In [18], a back-propagation estimation formula based on neuro-computing was presented for estimating the total non-linear model parameters, where a pack of solutions were derived for the problems of parameter initialization, learning rate selection, stop criteria and model structure detection, and the convergence of a back-propagation estimator (BPE). However, Reference [18] only proposed a parameter estimation method for single-input and single-output (SISO) systems, and correspondingly the case studies. Expanding [18], this paper presents solutions for the parameter estimation of a total non-linear multi-input and multi-output (MIMO) model. Due to the complexity of a MIMO system, it is more difficult to estimate the model parameters, but they are more general in academic research and applications. For example, the parameters of a MIMO system are many more than those of a SISO system, and the parameters to be estimated each time will be multiplied, which increases the difficulty of estimation. Moreover, due to the coupling of multiple systems, the parameter values of each system also affect each other. The algorithms to estimate these parameters are not independent but interactive and complex. Because the components of different MIMO systems are different, the total connection neural network structure adopted in [18] is not suitable for estimating the parameters of MIMO systems. When the MIMO system is mapped into a neural network, the network structure is often asymmetric or non-completely connected (the neurons in the hidden layer are not connected with all the neurons in the input layer). That is to say, the network is not a common completely connected feedforward neural network, and the general BP algorithm cannot be directly applied to the estimation of the parameters. Therefore, the learning algorithm of the parameters must be properly derived. Due to the asymmetry of the network, the convergence of the network is also facing challenges. It is necessary to analyze the convergence of the network and give the specific conditions of the network convergence. A MIMO system needs to identify the parameters of a SISO system several times, and a MIMO system can have multiple inputs. In the simulation experiment, the parameters of the system should be estimated under different combinations of multiple inputs, and the performance of the network estimator should be verified. Therefore, the parameter identification of a MIMO system is much more challenging.
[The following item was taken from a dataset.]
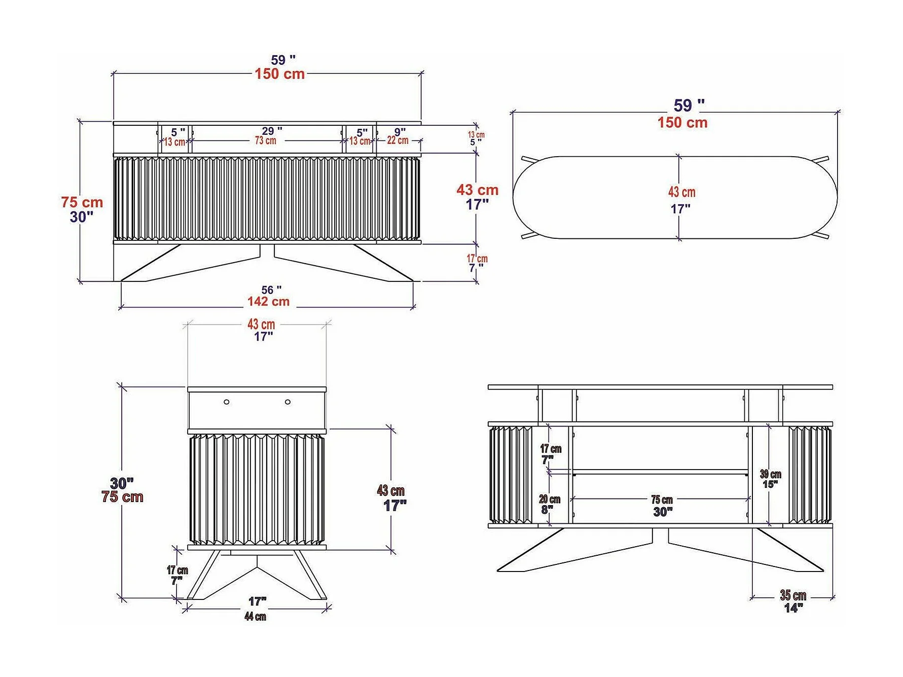 Buffet Zaurak, Buffet du salon, Commode de salon, Garde-manger de cuisine, 150x43h75 cm, Chêne et Blanc

1.2. Motivation and Contributions

The authors of [19] presented a thorough analysis that included two kernel components, the SISO model and the orthogonal algorithms are parameter estimators for polynomial non-linear models such as predictive and back propagation computation. Since then, rational model identification has gone to diversified directions, such as more theoretical considerations of a non-linear least squares algorithm [4], a maximum likelihood estimation [3], and a biased compensation recursive least squares algorithm [2]. It has been noted that the MIMO rational model identification has seldom attracted research, probably due to the complexity in algorithm formulation and the coupling effect. However, this MIMO rational model identification should be a research agent now because of recent applications and increasing computing facilities.
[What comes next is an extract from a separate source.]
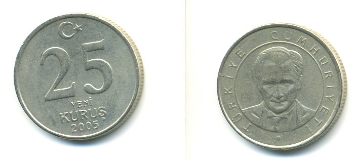 ТУРЦИЯ 25 КУРУШЕЙ 2005 KM 1167 медь никель цинк 3999-1236

The total non-linear system model, which is relatively new, is the alternative name of the NARMAX rational model, which was defined by a survey paper on the rational model identification [19]. The total non-linear model emphasizes the non-linearity in both the parameters and control inputs, and it has been taken as a challenging structure for designing non-linear dynamic control systems [1]. The rational model gives more consideration as expanded polynomials in math, structure detection, and parameter estimation in the field of system identification [2,3]. Therefore, the main contribution of the new study is to use neural computing algorithms for a MIMO model parameter estimation. The new study is a complement to those classical NAMAX approaches.
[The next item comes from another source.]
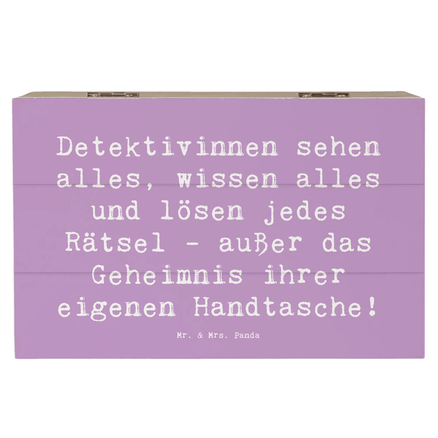 Holzkiste Spruch Detektivinnen sehen alles, wissen alles und lösen jedes Rätsel - außer das Geheimnis ihrer eigenen Handtasche! - 19 x 12 cm - Lavendeltraum

The rest of the paper is organized as follows. The total non-linear model is described in Section 2. Section 3 presents the gradient descent calculation of parameter estimation. Next, model structure detection is discussed in Section 4. A convergence analysis of an algorithm is presented in Section 5. Simulation results and discussions are demonstrated in Section 6. Finally, Section 7 includes the paper conclusions and some of the future aspects.

2. Total Non-Linear Model

In mathematics, the dynamic total non-linear model of a MIMO system with error can be defined as

y_{i} (t) = {\hat{y}}_{i} + e_{i} (t) = \frac{a_{i} (t)}{b_{i} (t)} + e_{i} (t) = \frac{a_{i} (u_{1}, u_{2}, \dots, u_{J}, y_{1}, y_{2}, \dots, y_{I}, e_{1}, e_{2}, \dots, e_{I})}{b_{i} (u_{1}, u_{2}, \dots, u_{J}, y_{1}, y_{2}, \dots, y_{I}, e_{1}, e_{2}, \dots, e_{I})} + e_{i} (t) i = 1, 2, \dots, I

(1)

a_{i} (t) = \sum_{k = 1}^{N} p_{k}^{n} (t) θ_{k}^{n}, b_{i} (t) = \sum_{k = 1}^{D} p_{k}^{d} (t) θ_{k}^{d} i = 1, 2, \dots, I

(2)

where

y (t) = [y_{1} (t), y_{2} (t), \dots, y_{I} (t)] \in R^{I}

and

\hat{y} (t) = [{\hat{y}}_{1} (t), {\hat{y}}_{2} (t), \dots, {\hat{y}}_{I} (t)] \in R^{I}

are the measured output and model output, respectively;

u (t) = [u_{1} (t), u_{2} (t), \dots, u_{J} (t)] \in R^{J}

is the input;

e (t) = [e_{1} (t), e_{2} (t), \dots, e_{I} (t)] \in R^{I}

is the model error; and

t = [1, 2, \dots, T] \in Z^{+ T}

is the sampling time index. Numerator

a_{i} (t) \in R

and denominator

b_{i} (t) \in R

as represented by polynomials, regression term

p_{k}^{n} (t)

, and

p_{k}^{d} (t)

are products of past inputs, outputs, and errors, such as

u_{1} (t - 1) y_{2} (t - 3)

,

u_{1} (t - 1) e_{2} (t - 2)

,

y_{2}^{3} (t - 1)

.

θ^{n} = [θ_{1}^{n}, θ_{2}^{n}, \dots, θ_{N}^{n}] \in R^{N}

, and

θ^{d} = [θ_{1}^{d}, θ_{2}^{d}, \dots, θ_{D}^{d}] \in R^{D}

are the parameter sets of

a_{i} (t)

and

b_{i} (t)

, respectively.

The task of parameter estimation is to extract the relevant parameter values from the measured input and output data for a given model structure. To form a regression expression for parameter estimation, multiplying

e_{i} (t)

of both sides of Formula (1) gives

y_{i} (t) b_{i} (t) - a_{i} (t) = b_{i} (t) e_{i} (t)

(3)

To consider the neuro-computing approach for parameter estimation, a total non-linear model is expressed into a non-completely connected feedforward neural network, as shown in Figure 1.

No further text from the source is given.